With the growing digitalization of documents and communications, particularly in foreign policies and international relations, mass data concentration has facilitated access to public information when some insider manages to blow the whistle. True, data storage and concentration undergo strict protection measures as part of a given state’s virtual sovereignty and territoriality. Protection becomes even stricter when related to sovereign data, the revealing of which may tarnish countries’ reputations or expose secret big data to foreign opponents. Yet, the whistleblowing potential includes revealing official mismanagement or policy-making paradoxes to the public eye, despite the risk it may entail for the whistleblower when protection laws are lacking.

The sovereignty that states bestow upon data becomes a double-edged sword when classified documents are leaked. The documents’ secrecy and sensitivity become an exposition of illegal agendas, dishonest meetings, corrupt relations, and official wrongdoing or power abuse, when perceived from advocacy perspective. For the public opinion, whistleblowing serves “in protecting the public interest and in defending human rights,” as John Devitt, the Chief Executive Officer of the Irish chapter of Transparency International puts it.

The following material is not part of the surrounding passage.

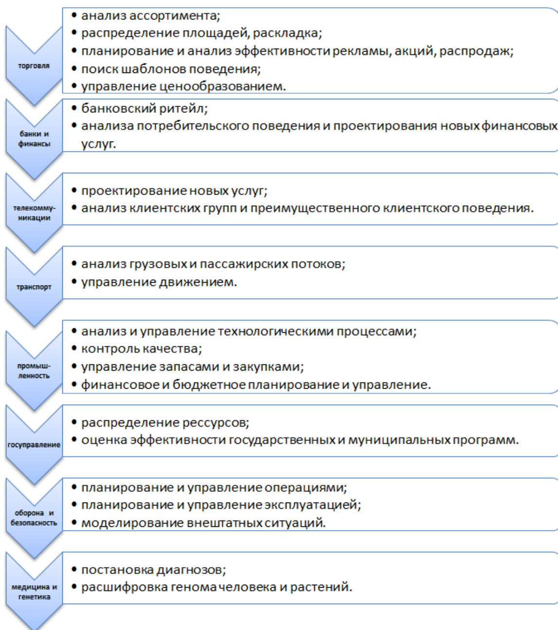
Рисунок 1 Использование СППР в различных отраслях экономики

В литературе представлено множество вариантов классификации СППР. После обобщения и систематизации классификация СППР представлена на рисунке 2. СППР предложено классифицировать по назначению, взаимодействию с пользователем, способам поддержки, сфере использования и типу решаемых задач.

In Moroccan politics, different international classified data leaks have uncovered vibrant and hyperactive, though not necessarily effective, diplomacy strategies. In the 2010 U.S. diplomatic cable leaks known as ‘Cablegate,’ Moroccan political affairs were highlighted, primarily Morocco’s relations with the U.S. in regards to economic changes including democratization oscillation, the Sahara affair, the war on terrorism, and Morocco’s involvement in Middle East North African (MENA) issues.

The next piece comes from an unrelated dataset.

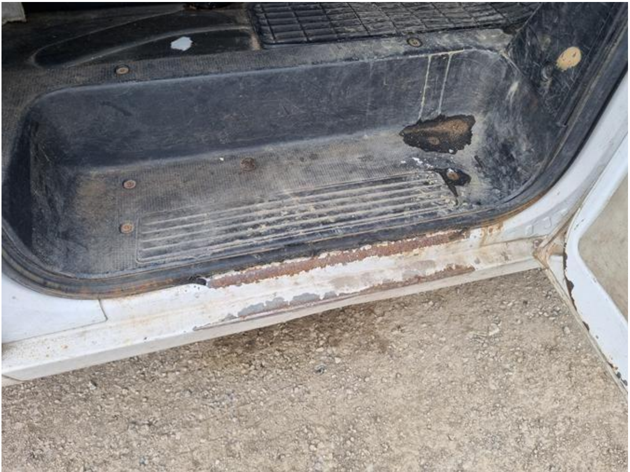
Fot. nr 87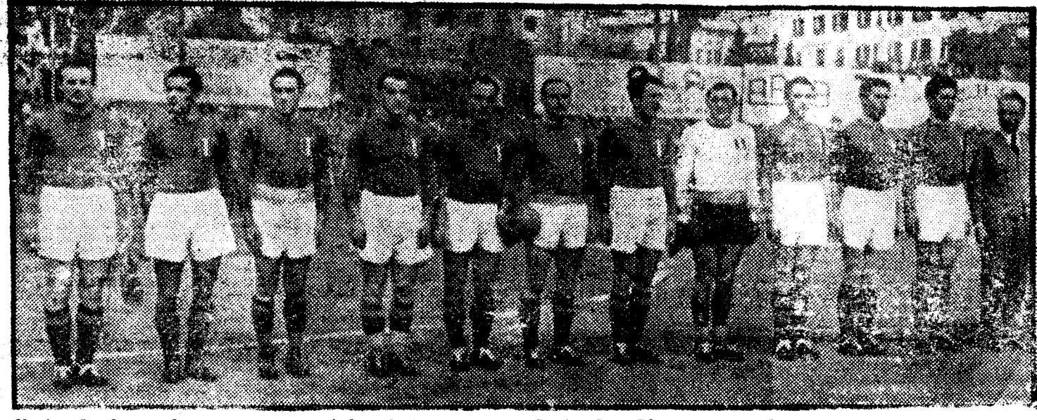
Equipo de la squadra azzurra que actuó recientemente contra Portugal en Génova y que, salvo ligeras variaciones, será el mismo once que se enfrentará a nuestros nacionales, en Chamartín, el próximo domingo con motivo del España - Italia de fútbol

These 2010 revelations did not create much political debate or social unrest for numerous reasons, including the international context of the leaks. The leaked information was generally international, wide and diverse. Possibly, graver diplomatic complexities in other countries prevented the expected effect in Morocco.  Secondly, political debate in Morocco at the time focused on the so-called ‘monopoly project’ in preparation for the 2012 parliament elections. In the few years before the Arab Spring, Moroccan politicians were busy discussing and attempting to understand the aims behind the newly-founded monarchy-leaning Party for Authenticity and Modernity (PAM). The PAM was established to curb the rise of Islamists to power, trying to replicate the Tunisian model of drying the land for political diversity in the 2012 elections. Thus, leaking data on hidden aspects of the Moroccan American relations could not eclipse the tensity of such a local concern. Finally, social media in pre-Arab Spring Morocco were primarily entertainment-oriented. Spreading classified documents on such platforms did not attract much attention.

The Coleman Leaks

In its strategic communication, Morocco has promoted an image of being an exception in the region. Whenever a political wave overwhelmed the region, Morocco would adapt rather than adopt it unmodified. In the post-Snowden era, a rapidly digitizing Morocco faced a classified document leak in September 2014 when the email of Ms. Mbarka Bouaida, delegate minister for foreign affairs and cooperation, was allegedly hacked. Morocco stopped being an exception when a hacker, using a fake Twitter account under the name of Welsh football manager Chris Coleman, started sharing classified documents on Morocco’s foreign policy.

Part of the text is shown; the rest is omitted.